Protocols of the Elders of Crazy - Eric T. Justin (Harvard Crimson)

  • One of my parents is Jewish, and my Jewish identity has always been light. But in Jordan, a whole genre of anti-Semitic "history" and literature mocked me in every bookshop, a whole field of anti-Semitic media from historical documentaries to music videos followed me on every television, and an interpretation of Islam that demonizes Judaism frequently bewildered me in conversations.
  • I heard and overheard countless anti-Semitic remarks in the summers I have spent in Egypt and Jordan. In my experience, arguments about politics almost inevitably turned to "those Jews," and conspiracy theories wafted through the room like cigarette smoke. It was suffocating. I anticipated encountering anti-Semitism, but I could not anticipate, nor could I have truly imagined, its systemic nature.
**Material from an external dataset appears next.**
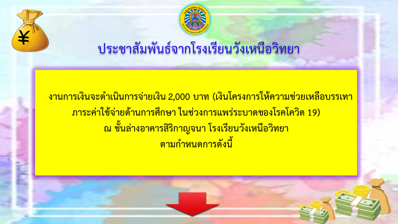 งานการเงินจะดำเนินการจ่ายเงิน 2,000 บาท (เงินโครงการให้ความช่วยเหลือบรรเทาภาระค่าใช้จ่ายด้านการศึกษา ในช่วงการแพร่ระบาดของโรคโควิด 19)

  • An example of the exaggerated attention given to Israel is the popularity of The Protocols of the Elders of Zion, a fraudulent treatise about the pending Jewish plans for world domination. According to Princeton historian Bernard Lewis, former Arab leaders like King Faisal of Saudi Arabia, President Sadat of Egypt, President Nasser of Egypt, and President Arif of Iraq all read The Protocols as historical truth.
  • Quite simply, one cannot understand mass politics in the Arab world without admitting the role of anti-Semitism. It matters.